The Lyman C. Josephs House, also known as Louisiana, is a historic home at 438 Walcott Avenue in Middletown, Rhode Island, now broken into apartments. Architect Clarence Luce designed the house, which was built in 1882 and is a well-preserved early example of the Shingle Style. The house received architectural notice not long after its construction, but is more noted for its relatively modest size and lack of ostentation than the summer houses of nearby Newport. It was built for the Lyman Colt Josephs family of Baltimore, Maryland.
The house was added to the National Register of Historic Places in 1975. Here’s an excerpt from the exhaustive – and I do mean exhaustive – description contained in that application. (I particularly like the line “Luce was no pastry artist.”)
So simple and earth-bound is this house, so appropriate and yet primitive its shape and roofline, that one wonders if Clarence Luce of Boston had in mind the famous old Fairbanks house in nearby Dedham – also growing out of the ground, since 1636 – when he designed the Josephs house. The Fairbanks house was one of the landmarks being visited in his day, and it is possible that from it and others being given attention by wandering and sketching architects then are derived some of the Colonial Revival details – mantels, etc. – seen in the train of more famous architects – such as McKim, Mead White – who had been investigating American XVIII Century dwellings and basing some of their new confections upon them.
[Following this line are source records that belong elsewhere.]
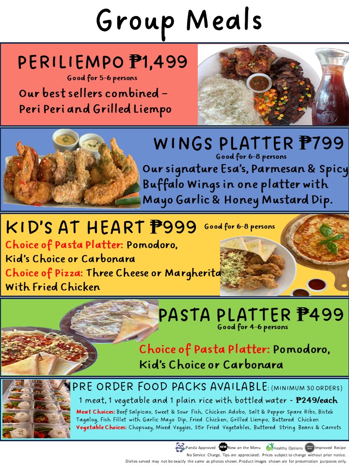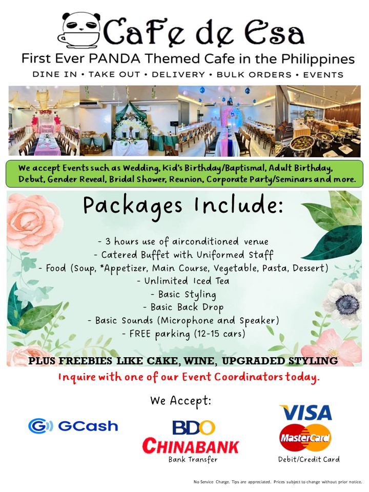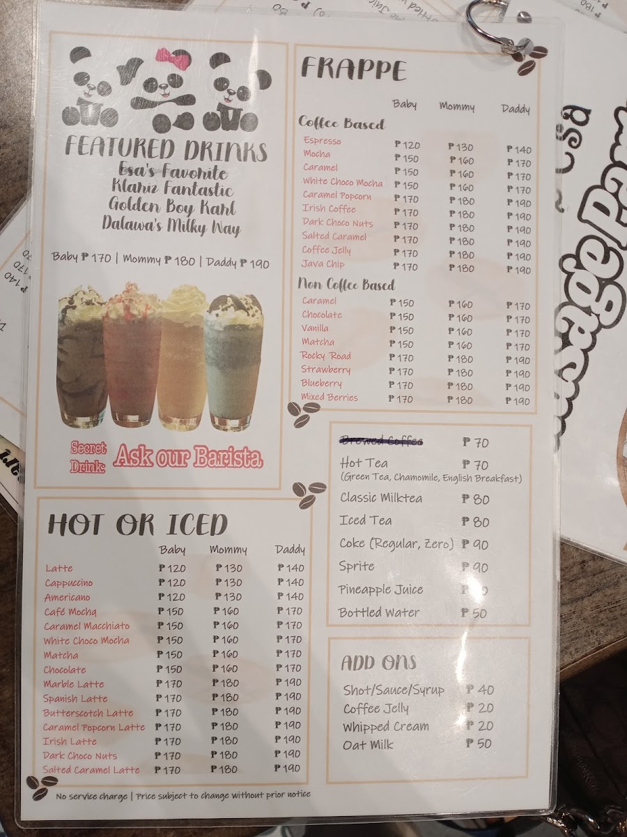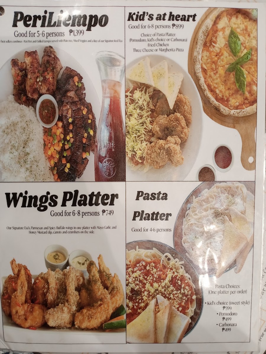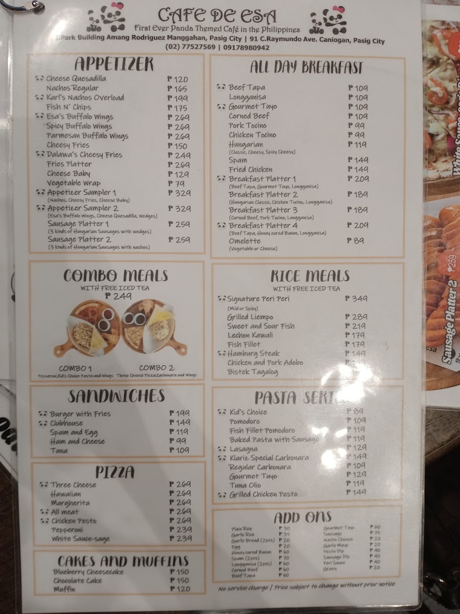 The menu at Cafe De Esa offers a variety of items suitable for different times of the day, including breakfast options, light meals, and drinks. It features a selection of coffee beverages such as lattes, iced coffee variants, frappes, and specialty teas like matcha and green tea. For those looking for more substantial meals, the menu includes dishes such as meat-based pizzas, various platters including sausage and breakfast platters, pasta, and rice meals.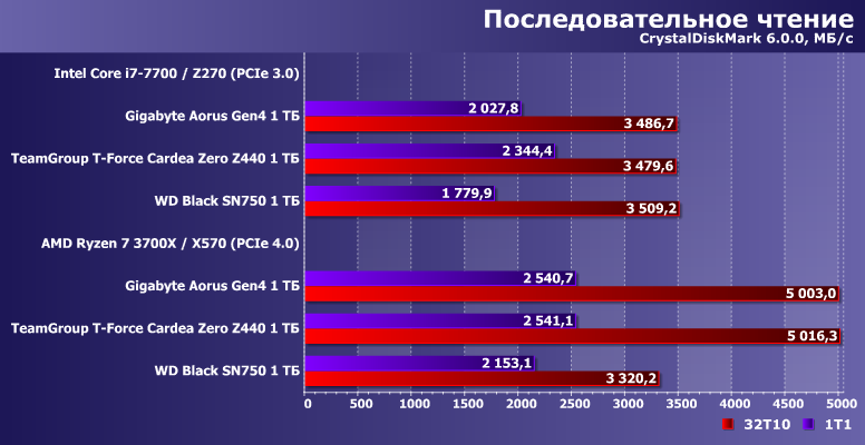 В большинстве тестов Gigabyte Aorus NVMe Gen4 SSD и TeamGroup T-Force Cardea Zero Z440 вели себя одинаково, но кое-где обновленная прошивка немного изменила скоростные показатели — в целом в сторону увеличения. А вот сравнивать результаты низкоуровневых бенчмарков на разных системах нужно очень осторожно: практически в той же степени от перехода на Ryzen ускорился и WD Black SN750, который, напомним, в любом случае поддерживает только PCIe 3.0, не более. По сути получаем, что «старые» Ryzen для выжимания максимума из SSD подходили хуже Core, зато «новые» — в целом даже лучше. И связано это не только с самим по себе интерфейсом.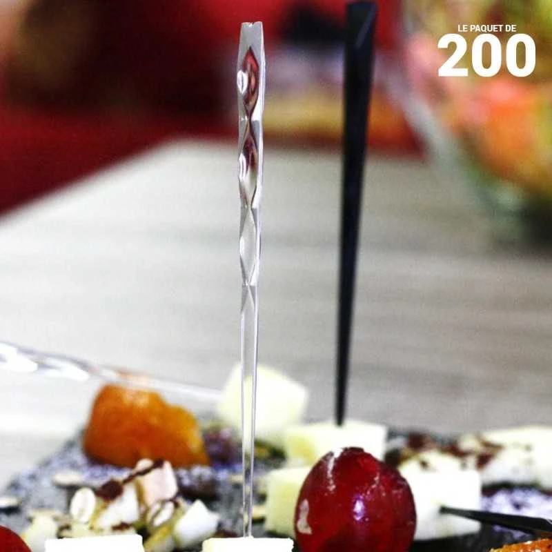 En plus ces pics transparents sont suffisamment longs pour piquer plusieurs condiments et confectionner des petites brochettes sympathiques et gourmandes.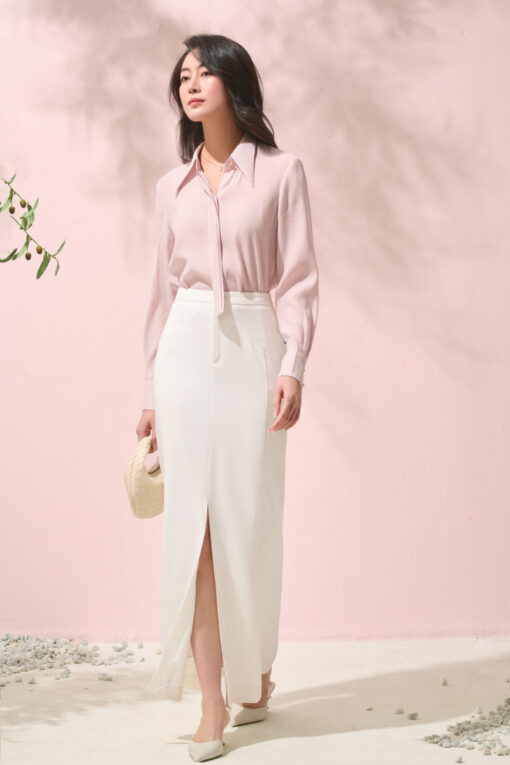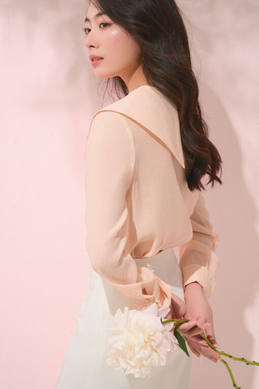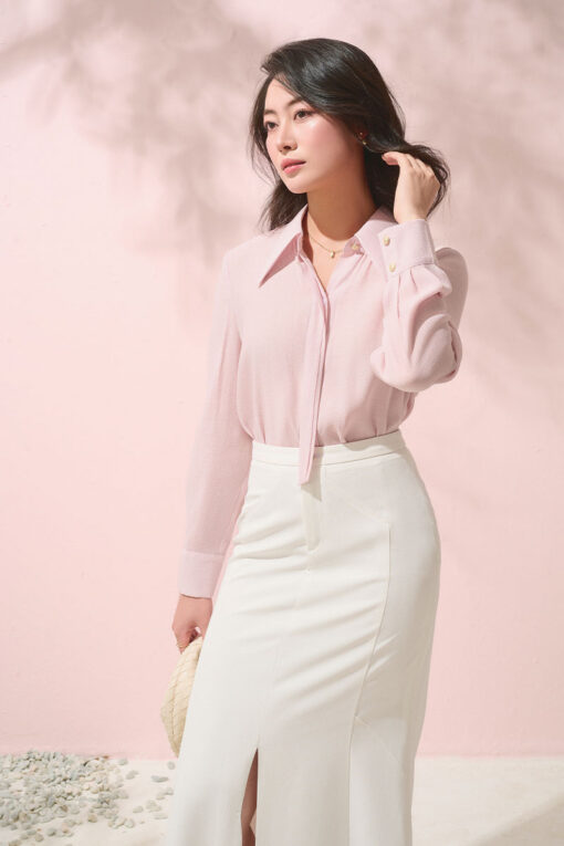Sơ mi LT tay liền can xếp ly cách điệu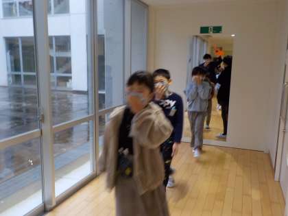 校内で火災発生時、防火シャッターや防火スクリーンが閉まる場合があります。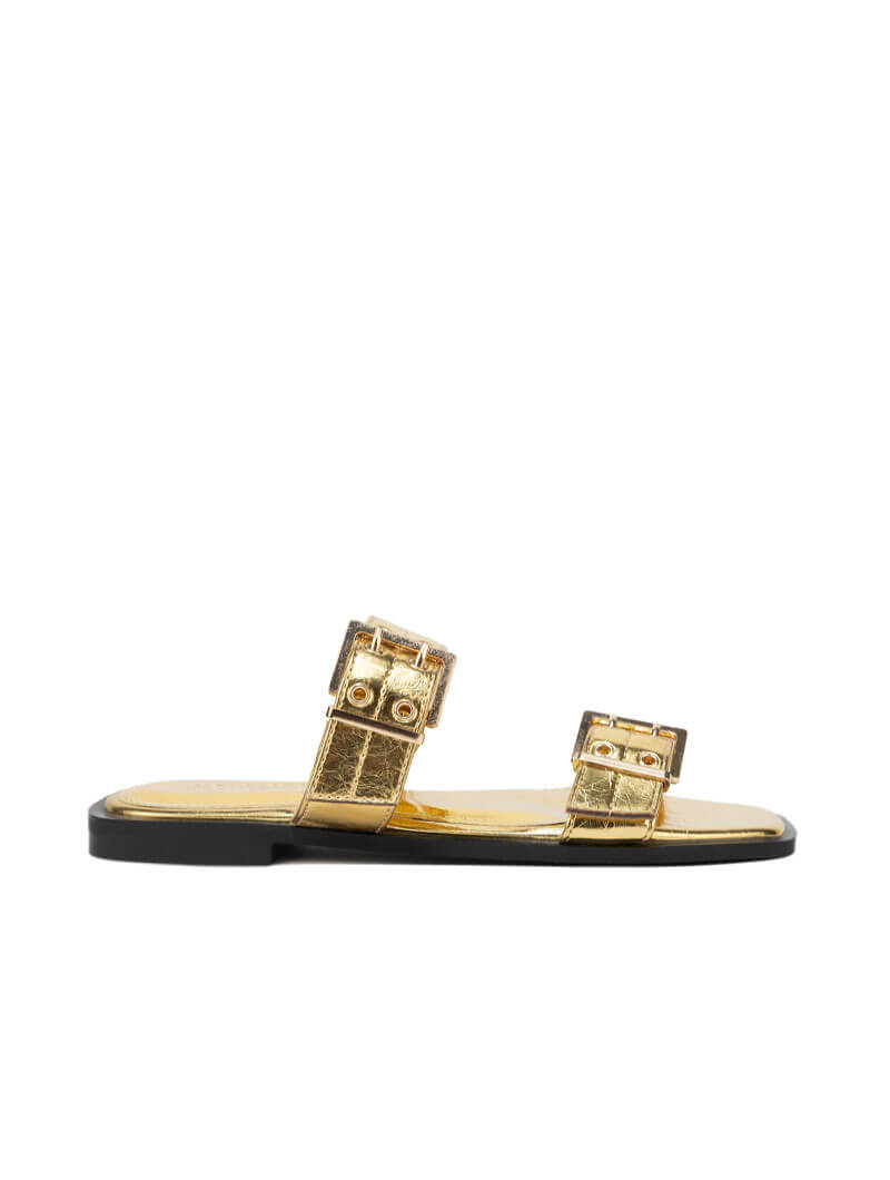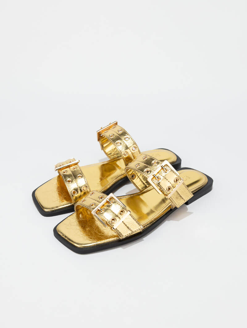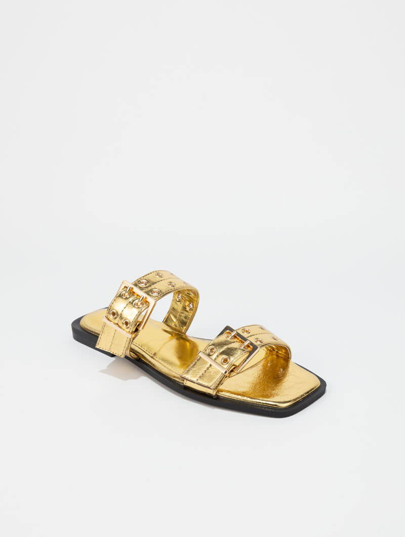 Mules à double brides métallisées , un modèle élégant et moderne qui se distingue par ses deux brides ajustables et ses finitions à effet métallique, apportant une touche chic et lumineuse à vos looks d’été.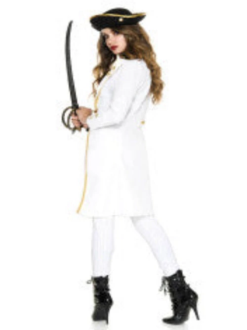5 PC. includes: Gold button high neck top, white coat with gold trim, striped pants, hat, and belt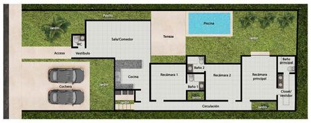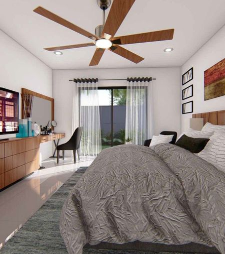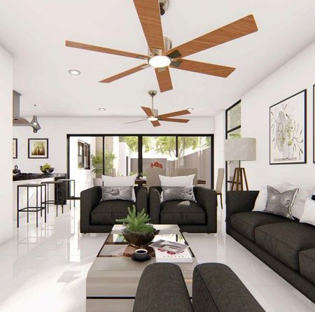 Salidas para ventiladores de techo en recámaras, sala, comedor. Construcción con refuerzo para segundo piso, a excepción de la cochera. Espacios en áreas verdes en frente y patio de la casa: 117.5 m2.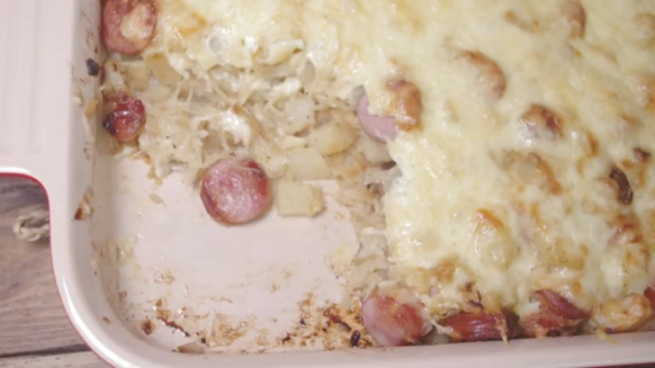 Skuvajte krompir u ljusci, pa isecite na kolutove. Ispržite sitno seckani crni luk, a zatim dodajte i iseckanu slaninu i kobasicu isečenu na kolutove. Sipajte bujon (150 ml) i dinstajte nekih 20 minuta, a ako je potrebno dolijte još vode. Tepsiju premažite uljem, pa poređajte krompir, zatim kiseli kupus kao za podvarak, zatim kobasice, slaninu i luk, pa još jedan red krompira. Pecite na 200°C oko 20 minuta, pa sipajte preostali bujon i pecite još 20 minuta. Pred kraj pečenja pospite rendanim sirom.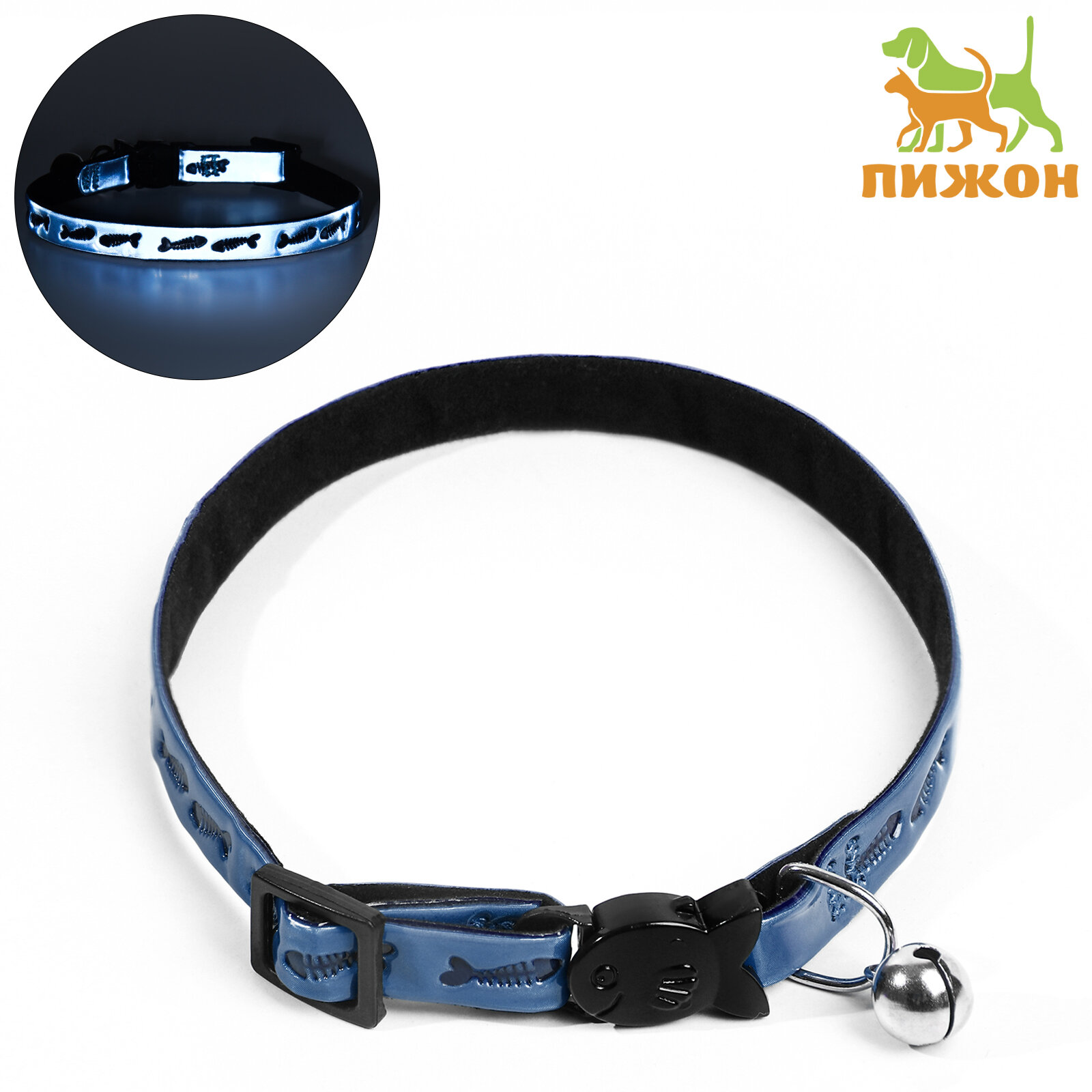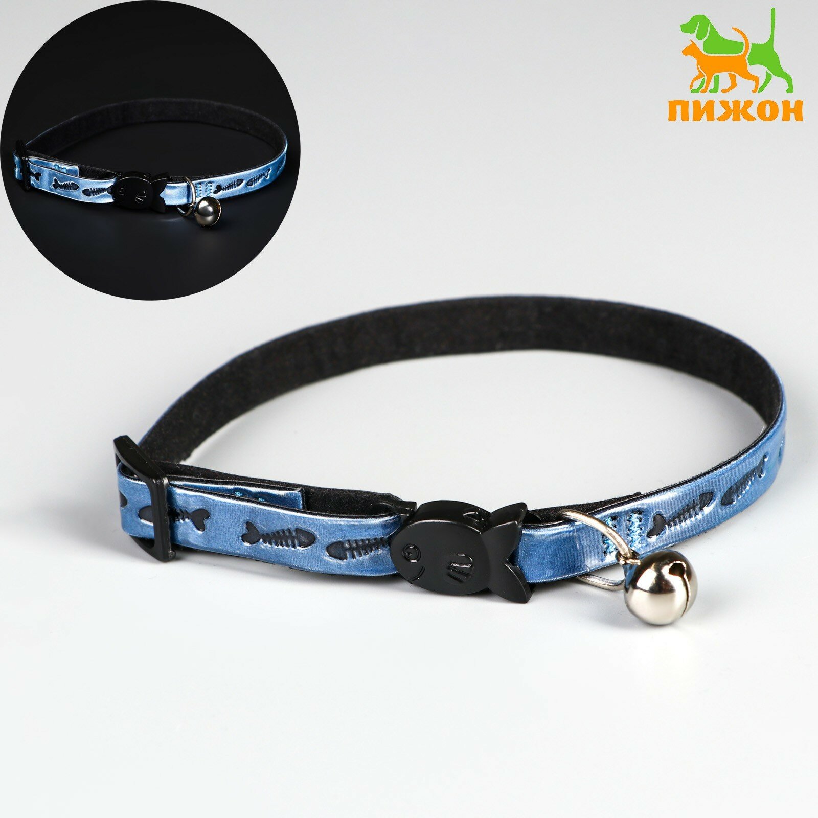 Купить Ошейник для животных, кошачий, со светоотражающим покрытием Рыбки, 30 х 1 см, голубой, 1 шт.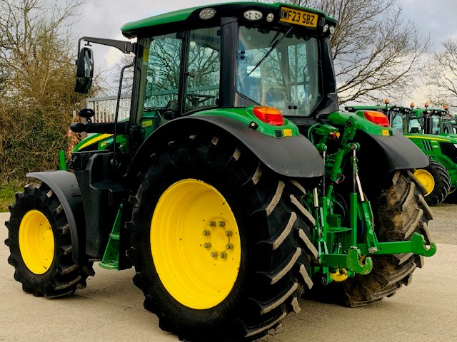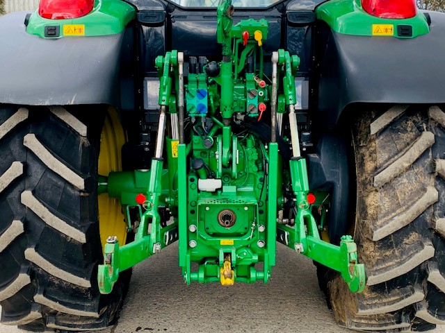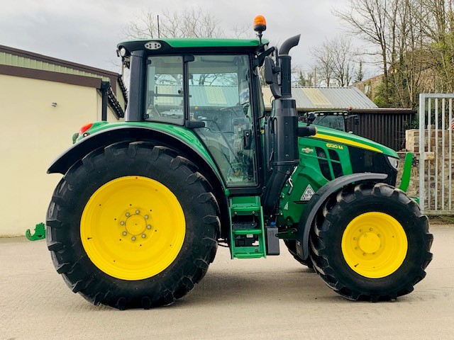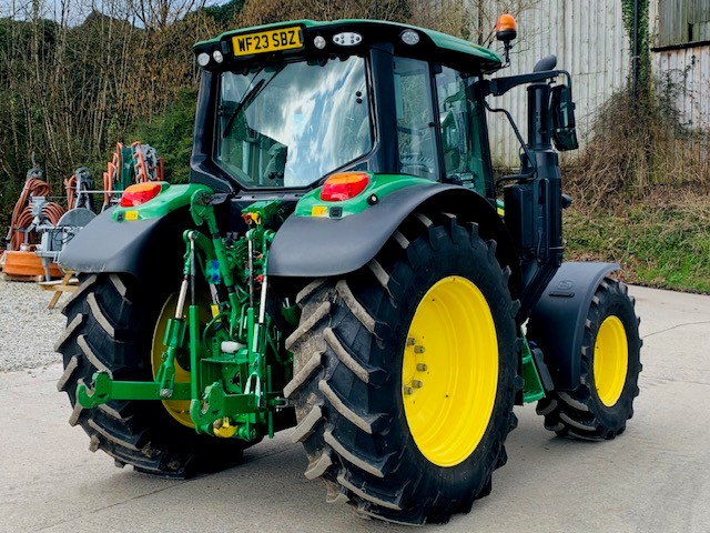 EX HIRE JOHN DEERE 6120M SELECT+ EDITION. 40KPH AUTOQUAD, TLS, 114LPM PFC HYD PUMP, 3 REAR & 2 MID MECHANICAL VALVES, PANORAMIC GLASS ROOF, LED LIGHTS, ITEC, JDLINK. ON 520/70R38 420/70R24 TRELLEBORG. READY TO TAKE JOHN DEERE LOADER WITH MULTI COUPLER. WITH POWERGARD PLUS EXTENDED WARRANTY TO MARCH 2026.

Luce was no pastry artist, at least in the Josephs house. Here, he produced a most liveable dwelling, typical of all that was becoming wanted in the 1880’s: open spaces for living and entertaining flowing into each other; views; ventilation; and indoor-outdoor living with both light and shade; airy bedrooms; un-cramped service accommodations. Interior adornment is held in check: there is just enough to be considered handsome, and it is very well-executed, but not so much as to constitute fussy pretension. There are no bulging elaborations, no heavy carvings or convolutions. Doors are plain (seven shallow horizontal panels) and are within plain architraves; so are windows, though some of the latter have leaded glass and stained-glass transoms of William Morris-like design. This is as far as the house goes toward elaboration. If one wishes to see the Shingle Style boiled down to its simplest, basic components, here is a fine example, handled with quiet, un-selfconcious expertise.
[…] Were it in the centre of glittering Newport, in Tuxedo Park, or in Philadelphia’s Chestnut Hill, it might have had much more deserved notice; but actually “notice” seems not to have been anything desired by the owner or the architect. Privacy, comfort, air, a view and modest but attractive decor seem to have been the desiderata, and, all have been achieved – without fanfare in a choice but “aside” location on a hill above the ocean in Middletown. The location is no longer “aside,” as the neighbourhood is now much built-up, but the Josephs house retains its grass acreage and its view across water.
The Josephs, a family from Baltimore, were apparently people of affluence and cultivation but not affected by the ostentation prevalent in Newport, and they occupied their house regularly every summer until their deaths in the early 1940’s.
Our cousin Peter Colt Josephs published a monograph on the house for the Newport Historical Society in 2012. I have a copy, full of great information and photographs. When I get my scanner up and running again, I’ll do another installment on Louisiana.